§ Listed entries
====
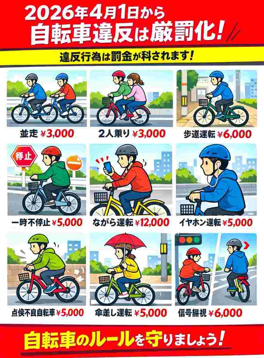 自転車乗車→罰金30000円
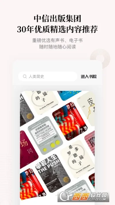 中信书院是中信联合云科技有限责任公司开发的数字阅读平台。 **依托中信出版集团**,整合其三十余年优质内容资源,提供经济管理、人文社科等多领域精选电子书与有声读物,内容权威高质量。
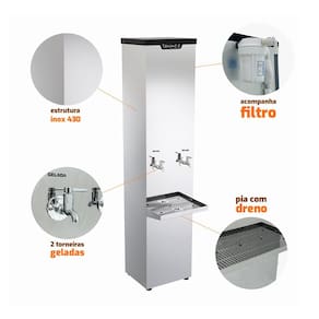 Especificações Bebedouro: - Modelo com 2 torneiras; - Revestimento interno do tanque em polipropileno; - Refrigeração através de gás refrigerante R-134a; - Isolamento térmico em poliuretano injetado; - Pia em aço inox 430, com dreno; - Serpentina interna em aço inox 304; - Acompanha filtro 5 e mangueira; - Termostato com 7 níveis de regulagem; - 4C no nível 7; - Pés com regulagem de altura; - Ideais para ambientes com grande circulação de pessoas; - Fácil instalação; - Revestimento externo em aço inox 430 brilhoso; - Tensão: 220V monofásico; - Sistema: Compressor; - Potência: 1/10HP; - Corrente: 2,1 A; - Medidas totais: 162,5cm A x 36cm L x 51,5cm P; - Medidas da embalagem: 178cm A x 47cm L x 46cm P; - Peso Líquido: 32kg; - Peso Bruto: 45kg;
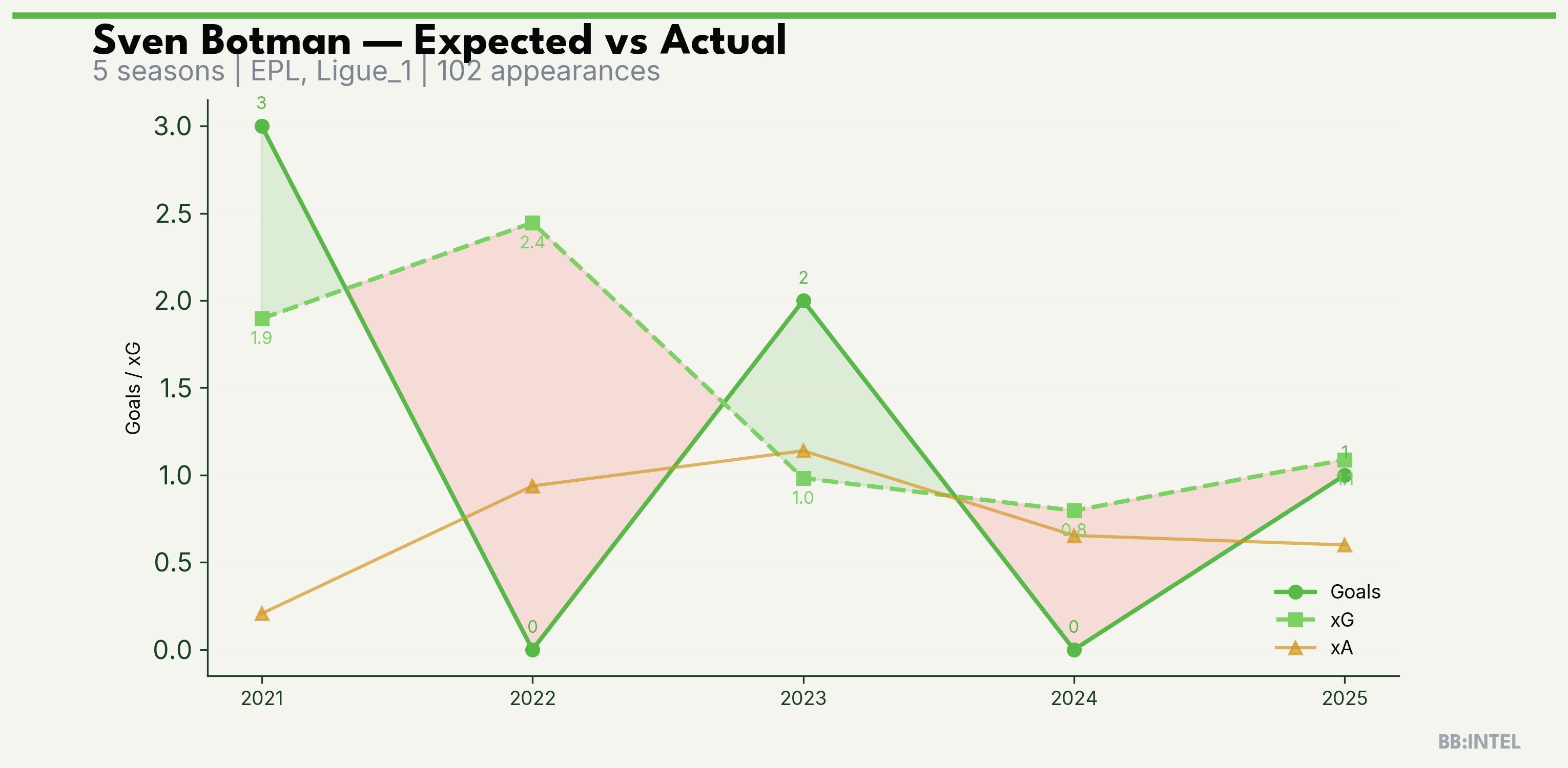 | 2025/2026 | EPL | 16 | 1 | 1.1 | 0.6 | 8 | -0.1 |
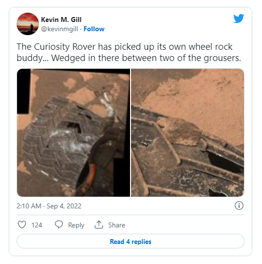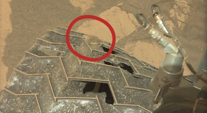 图像处理员Kevin Gill在周末的一篇推文中提到了这块“搭便车”的岩石。Gill写道:“好奇号漫游车捡到了它自己的车轮上的石头伙伴,它夹在两个履带齿片间,”Gill说。履带齿片是车轮上凸起的之字形部分,作为踏板使用。
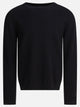 Maglione girocollo in lana e seta C.P. Company con struttura finezza 14. Il capo presenta costruzione in maglia compatta in lana merino ultrafine e seta, caratterizzata da lavorazione regolare e texture uniforme. Il modello offre silhouette regular e dettagli distintivi come polsini, girocollo e orlo lavorati a costine. Un'etichetta con logo è applicata sull'orlo, mantenendo essenzialità e attenzione ai dettagli costruttivi.
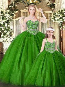Flirting Tulle Sleeveless Floor Length Ball Gown Prom Dress and Beading
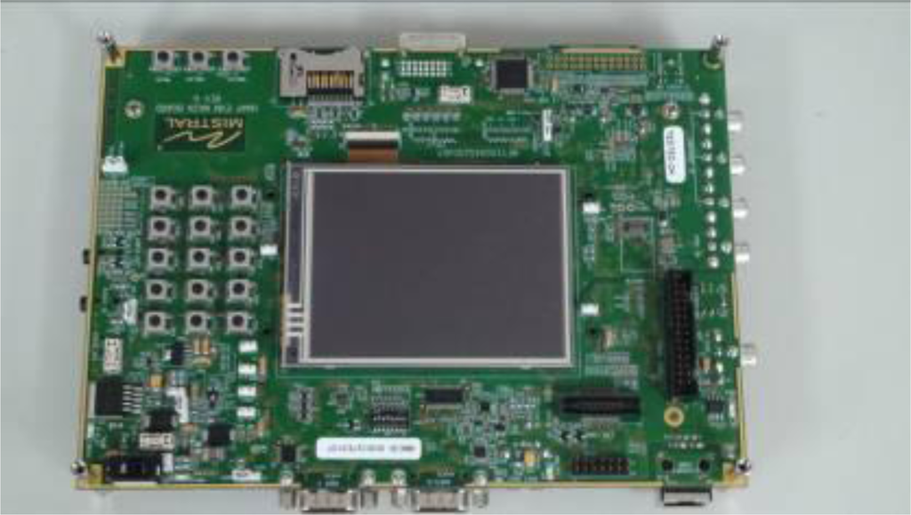 In this study, the proposed VIDASS system was implemented on an ARM-DSP heterogamous dual-core embedded platform, the TI OMAP3530 platform (Figure 9) [36]. The TI OMAP3530 platform is an efficient solution for portable and handheld systems from the TI DaVinci™ Digital Video Processor family. This platform consists of one Cortex A8 ARM-based general-purpose processor with a 600 MHz operational speed and one TI C64x+ digital signal processor with a 430 MHz operational speed on a single chip. This platform also includes 256 MB of flash ROM memory for storing the embedded Linux OS kernel, Qt-based GUI system, and the proposed vision-based software modules, and 256 MB of DDR memory for executing the software modules. In addition to the main platform, peripheral devices such as image grabbing devices, LCD touchscreen panel, mobile communication module, and other in-vehicle control devices are also integrated to accomplish an in-vehicle embedded vision-based nighttime driver assistance and surveillance system.
====
§ Assignment
Transcribe exactly, please, the lines between the start of the records above and the line holding "中信书院是中信联合云科技有限", counting both of those lines and omitting pictures.

§ Response for this exercise
 自転車乗車→罰金30000円
 中信书院是中信联合云科技有限责任公司开发的数字阅读平台。 **依托中信出版集团**,整合其三十余年优质内容资源,提供经济管理、人文社科等多领域精选电子书与有声读物,内容权威高质量。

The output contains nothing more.